[Start of Attachment]
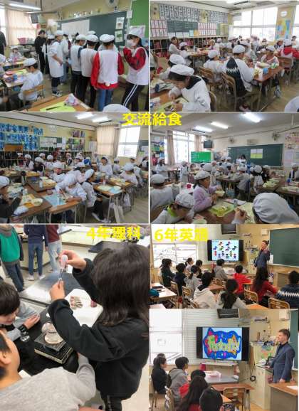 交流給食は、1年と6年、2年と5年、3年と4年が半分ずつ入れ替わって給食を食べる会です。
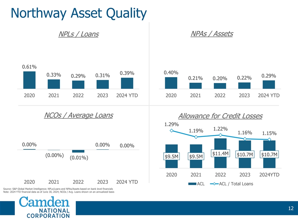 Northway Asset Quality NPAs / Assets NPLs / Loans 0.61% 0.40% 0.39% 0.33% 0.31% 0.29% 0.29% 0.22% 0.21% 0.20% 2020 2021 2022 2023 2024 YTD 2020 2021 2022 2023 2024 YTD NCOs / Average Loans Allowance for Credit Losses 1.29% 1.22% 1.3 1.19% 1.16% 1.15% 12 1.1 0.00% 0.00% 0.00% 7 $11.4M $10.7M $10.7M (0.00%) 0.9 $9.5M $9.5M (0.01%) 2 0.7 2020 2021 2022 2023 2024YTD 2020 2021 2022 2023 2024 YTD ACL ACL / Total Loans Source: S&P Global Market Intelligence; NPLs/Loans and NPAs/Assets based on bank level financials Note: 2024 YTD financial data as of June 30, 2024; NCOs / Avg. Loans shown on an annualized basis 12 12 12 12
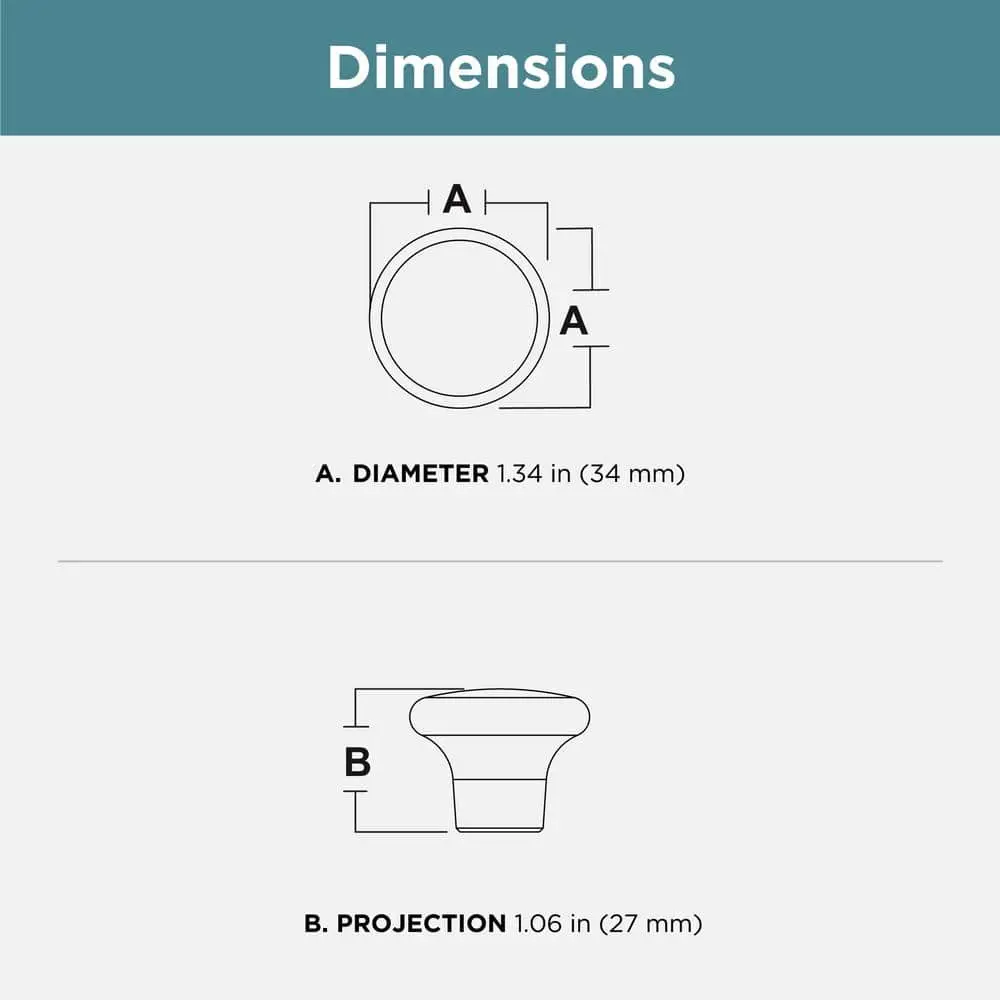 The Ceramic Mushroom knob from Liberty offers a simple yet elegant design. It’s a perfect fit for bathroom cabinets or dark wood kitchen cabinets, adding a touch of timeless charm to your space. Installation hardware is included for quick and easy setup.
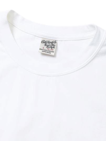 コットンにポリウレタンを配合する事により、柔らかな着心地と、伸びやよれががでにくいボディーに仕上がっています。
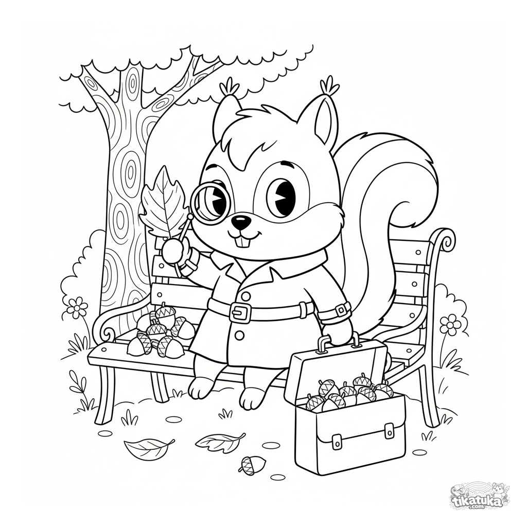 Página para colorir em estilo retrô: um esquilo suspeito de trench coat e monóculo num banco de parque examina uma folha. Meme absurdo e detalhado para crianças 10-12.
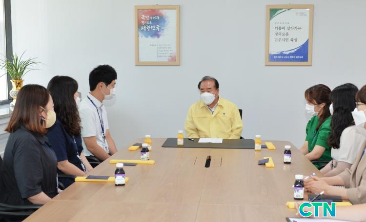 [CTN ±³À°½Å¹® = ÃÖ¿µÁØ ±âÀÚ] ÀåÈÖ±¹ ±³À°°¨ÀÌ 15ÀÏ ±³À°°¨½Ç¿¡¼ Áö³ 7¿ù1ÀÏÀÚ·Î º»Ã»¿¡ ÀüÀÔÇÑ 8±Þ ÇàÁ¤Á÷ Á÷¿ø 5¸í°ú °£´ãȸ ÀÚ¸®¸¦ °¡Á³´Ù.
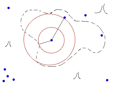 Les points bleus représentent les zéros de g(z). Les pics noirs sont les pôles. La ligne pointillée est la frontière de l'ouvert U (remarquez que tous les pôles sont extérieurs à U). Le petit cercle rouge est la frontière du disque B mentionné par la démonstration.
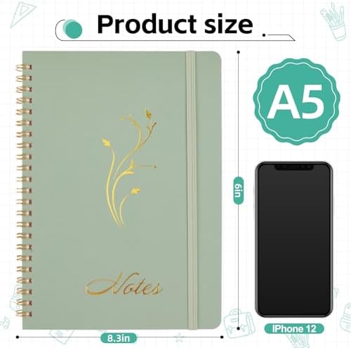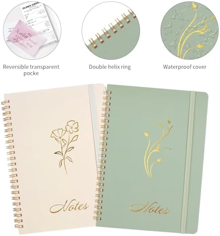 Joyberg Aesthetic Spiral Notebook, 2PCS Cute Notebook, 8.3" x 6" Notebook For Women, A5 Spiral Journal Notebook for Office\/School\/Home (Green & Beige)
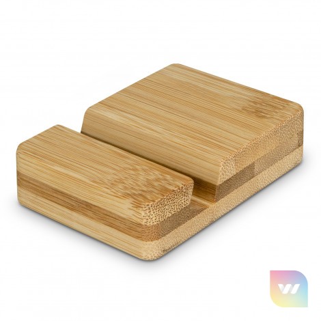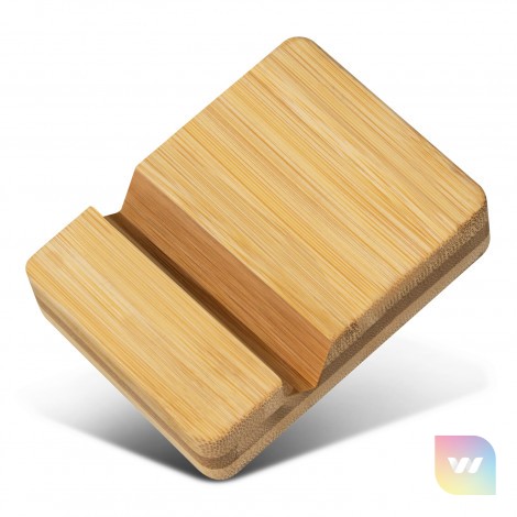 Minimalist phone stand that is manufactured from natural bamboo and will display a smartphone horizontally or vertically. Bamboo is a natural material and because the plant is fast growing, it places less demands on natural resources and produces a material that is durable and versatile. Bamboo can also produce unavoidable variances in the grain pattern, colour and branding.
[End of Attachment]
### [Activity]
Every word of the material, and none of its pictures, should be set down again.

### [Solution for this exercise]
 交流給食は、1年と6年、2年と5年、3年と4年が半分ずつ入れ替わって給食を食べる会です。
 Northway Asset Quality NPAs / Assets NPLs / Loans 0.61% 0.40% 0.39% 0.33% 0.31% 0.29% 0.29% 0.22% 0.21% 0.20% 2020 2021 2022 2023 2024 YTD 2020 2021 2022 2023 2024 YTD NCOs / Average Loans Allowance for Credit Losses 1.29% 1.22% 1.3 1.19% 1.16% 1.15% 12 1.1 0.00% 0.00% 0.00% 7 $11.4M $10.7M $10.7M (0.00%) 0.9 $9.5M $9.5M (0.01%) 2 0.7 2020 2021 2022 2023 2024YTD 2020 2021 2022 2023 2024 YTD ACL ACL / Total Loans Source: S&P Global Market Intelligence; NPLs/Loans and NPAs/Assets based on bank level financials Note: 2024 YTD financial data as of June 30, 2024; NCOs / Avg. Loans shown on an annualized basis 12 12 12 12
 The Ceramic Mushroom knob from Liberty offers a simple yet elegant design. It’s a perfect fit for bathroom cabinets or dark wood kitchen cabinets, adding a touch of timeless charm to your space. Installation hardware is included for quick and easy setup.
 コットンにポリウレタンを配合する事により、柔らかな着心地と、伸びやよれががでにくいボディーに仕上がっています。
 Página para colorir em estilo retrô: um esquilo suspeito de trench coat e monóculo num banco de parque examina uma folha. Meme absurdo e detalhado para crianças 10-12.
 [CTN ±³À°½Å¹® = ÃÖ¿µÁØ ±âÀÚ] ÀåÈÖ±¹ ±³À°°¨ÀÌ 15ÀÏ ±³À°°¨½Ç¿¡¼ Áö³ 7¿ù1ÀÏÀÚ·Î º»Ã»¿¡ ÀüÀÔÇÑ 8±Þ ÇàÁ¤Á÷ Á÷¿ø 5¸í°ú °£´ãȸ ÀÚ¸®¸¦ °¡Á³´Ù.
 Les points bleus représentent les zéros de g(z). Les pics noirs sont les pôles. La ligne pointillée est la frontière de l'ouvert U (remarquez que tous les pôles sont extérieurs à U). Le petit cercle rouge est la frontière du disque B mentionné par la démonstration.
 Joyberg Aesthetic Spiral Notebook, 2PCS Cute Notebook, 8.3" x 6" Notebook For Women, A5 Spiral Journal Notebook for Office\/School\/Home (Green & Beige)
 Minimalist phone stand that is manufactured from natural bamboo and will display a smartphone horizontally or vertically. Bamboo is a natural material and because the plant is fast growing, it places less demands on natural resources and produces a material that is durable and versatile. Bamboo can also produce unavoidable variances in the grain pattern, colour and branding.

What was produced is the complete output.